BBC Review
The fog even seeps into the music, in the best possible way.
Jack Smith2004
Promoters of the California idyll have largely ignored the irony that the state boasts not only palm trees, blonde beaches and frolicsome youth, but also fog. Dense, clammy, days-long fog.
Ignored until now, that is. This climatic phenomenon has a starring role in House Of Sand and Fog, a drama narrating the dispute between an Iranian immigrant family and a dispossessed woman over a Californian bungalow. The fog even seeps into the music, in the best possible way.
Veteran film composer James Horner has created a score which is dense, ominous and rolling as a West Coast pea-souper, with a blurry-edged, saturated sound. In "Break-In", for example, Horner conjures a thick, textured musical swirl, muffling the instruments carrying the melody behind heavy timpani and electronic fuzziness. Such nebulousness is perfect for a film about cultural confusion, the inability or refusal to see from others' viewpoints.

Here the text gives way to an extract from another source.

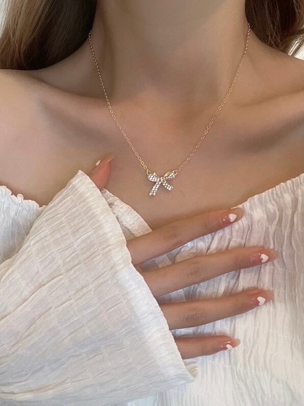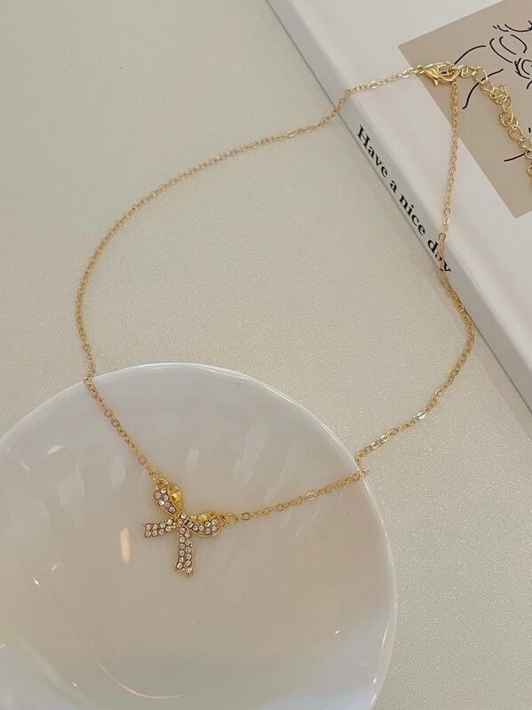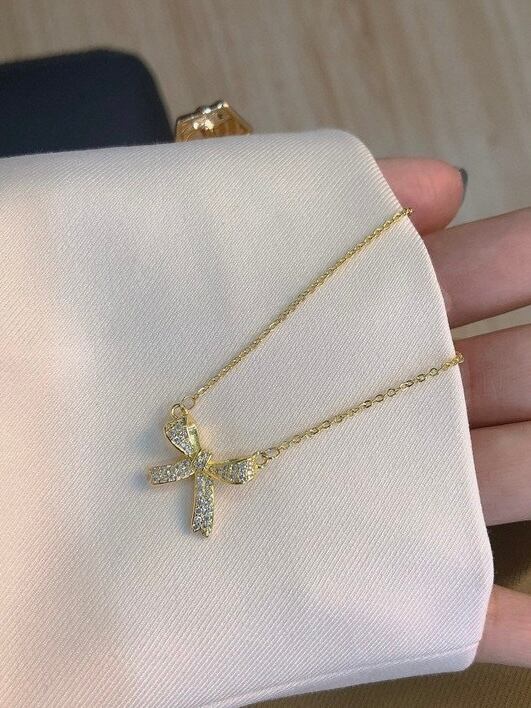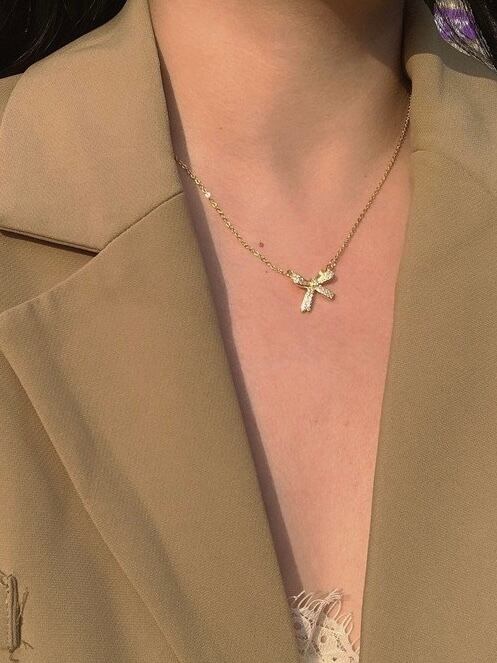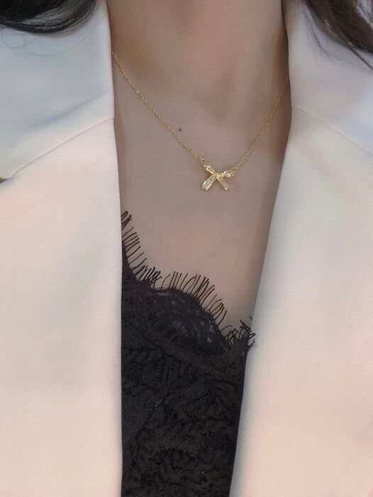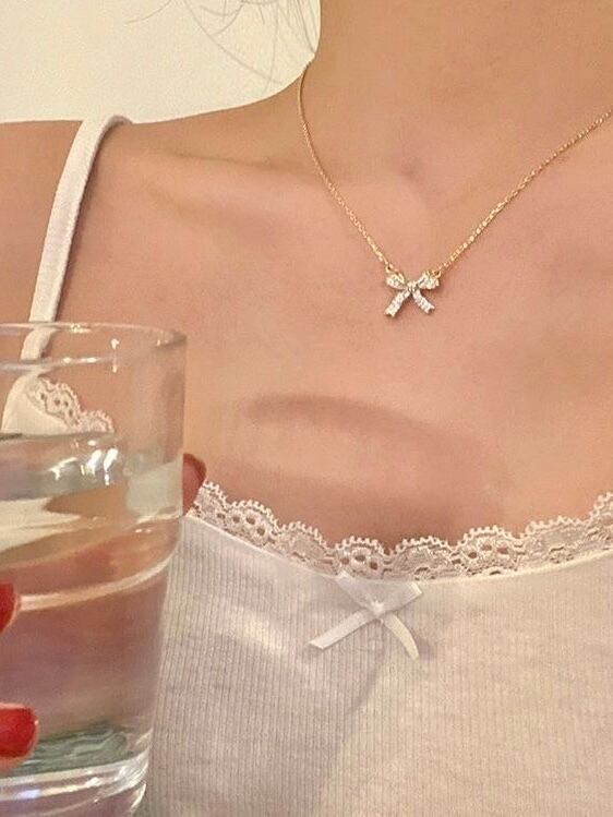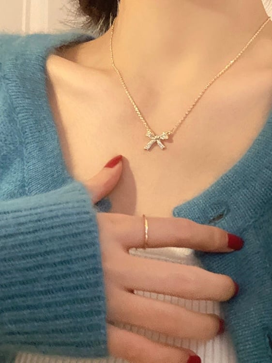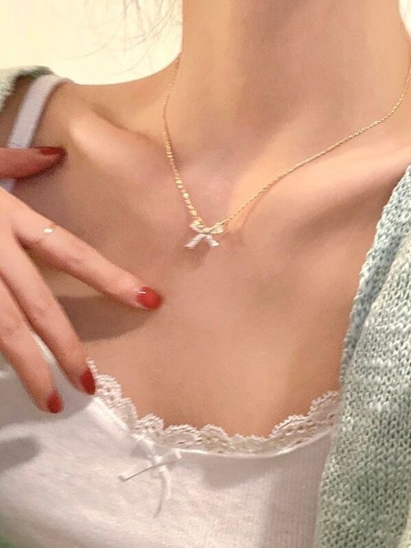 ストーンがキラキラとして華やかなリボンモチーフのネックレスです。

The piano plays a key role. Its intimate, domestic sound is put to good use in a drama about personal politics. "Two People" is a tense, tentative pas de deux played out on a solo piano. Elsewhere Horner supplements its sound electronically, Old "Photos, New Memories" overlays the gentle sound of a parlour piano with a synthesized keyboard to ominous effect.
Although sober and reflective, there are changes of pace. "This Is No Longer Your House" is a thumping musical stand-off, jumpy with suspense. And Horner's romantic heritage (Titanic, A Beautiful Mind) is evident in the closing track, "A Return to the Caspian", where the strings come out for an old-fashioned wallow.
One of the great things about this recording is its girth. Over an hour long, it allows thematic development of sequences such as "The Shooting". But the roominess means it also tends to lose momentum. It would do no harm to lose a couple of the filler tracks.
For the most part, though, this is a subtle, complex and lovely score. Sometimes fog can be a beautiful thing.